医師で医療ジャーナリストの森田豊氏が10月5日、ニッポン放送「モーニングライフアップ 今日の早起きドクター」に出演。アニサキスによる食中毒について解説した。
アニサキスによる中毒症 ~発症が増加
新行市佳アナウンサー)秋の食中毒のなかで2番目に発症率の高い「アニサキス」による食中毒について伺います。
森田)アニサキスによる食中毒は「アニサキス症」とも呼びます。アニサキスという寄生虫の幼虫がいる魚介類を食べてしまうと、数時間後に幼虫が消化管の壁に食いつき、お腹の痛みなどを起こす感染症です。厚生労働省の統計によると、2006年には5件だった報告件数が、2016年には124件。2021年には344件に増加しています。
新行)どうして増えてきたのでしょうか?
森田)いくつか原因があると考えられています。1つは、医師や一般の方々がこの病気をよく知るようになってきたこと。さらに、診断に必要な胃カメラが普及したこと。また、保健所への届け出が必要なことなどが考えられます。

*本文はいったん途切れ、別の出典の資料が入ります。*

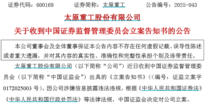 【大河财立方消息】7月25日晚间,太原重工股份有限公司(证券简称太原重工)发布公告称,近日收到中国证监会出具的立案告知书。因公司涉嫌信息披露违法违规,中国证监会决定对公司立案。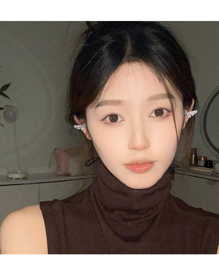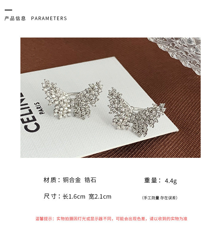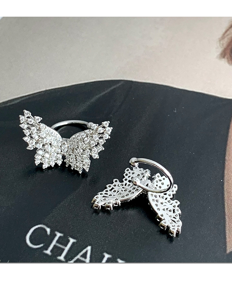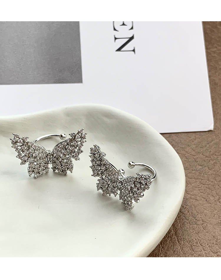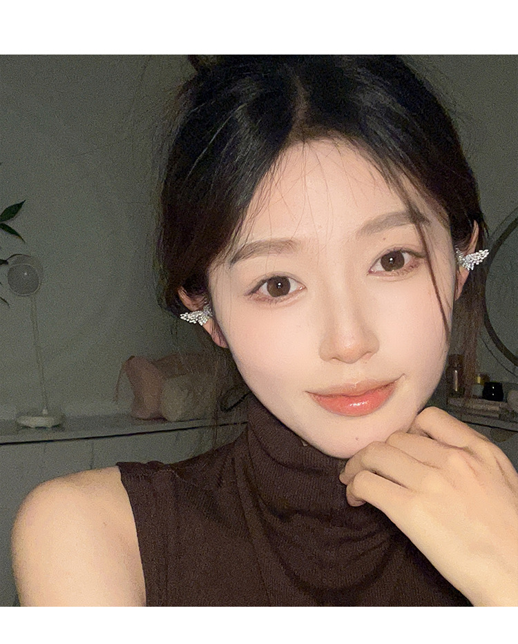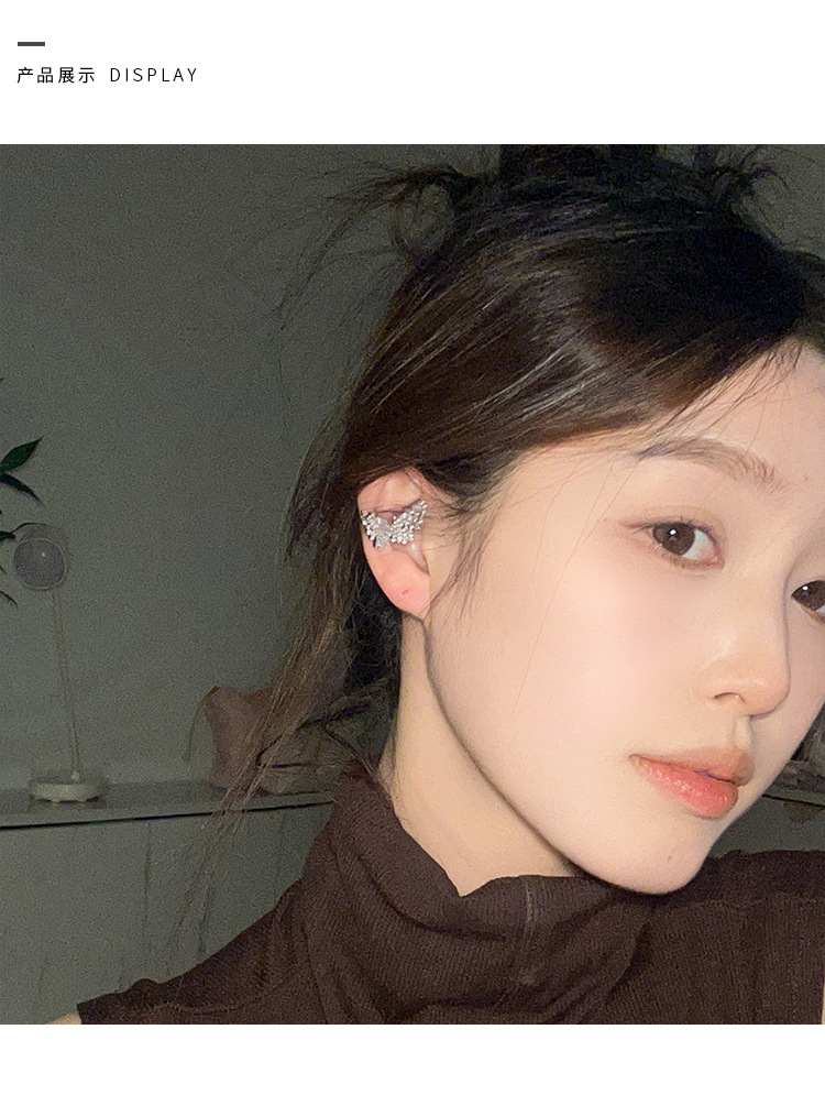 气质轻奢银色锆石蝴蝶耳夹女高级感闪钻耳骨夹年新款百搭耳饰

運送技術の発達によって生の魚を運べるようになったことも影響 ~95%が日本で発症
森田)最も多い原因として考えられるのは、冷凍せずに魚介類を運べるようになったことではないでしょうか。冷凍するとアニサキスは死ぬため、魚を冷凍して運搬していれば問題は起きなかったのです。しかし、運送技術の発達によって魚を生で運べるようになり、アニサキスも生きたまま魚とともに運ばれることになったのです。その魚の刺身などを食べ、食中毒になってしまう。
新行)生で運ばれることで。
森田)世界で起きているアニサキス症のうち、95%が日本で起きていると報告されています。刺身を食べる日本の生食文化が根付いているためでしょう。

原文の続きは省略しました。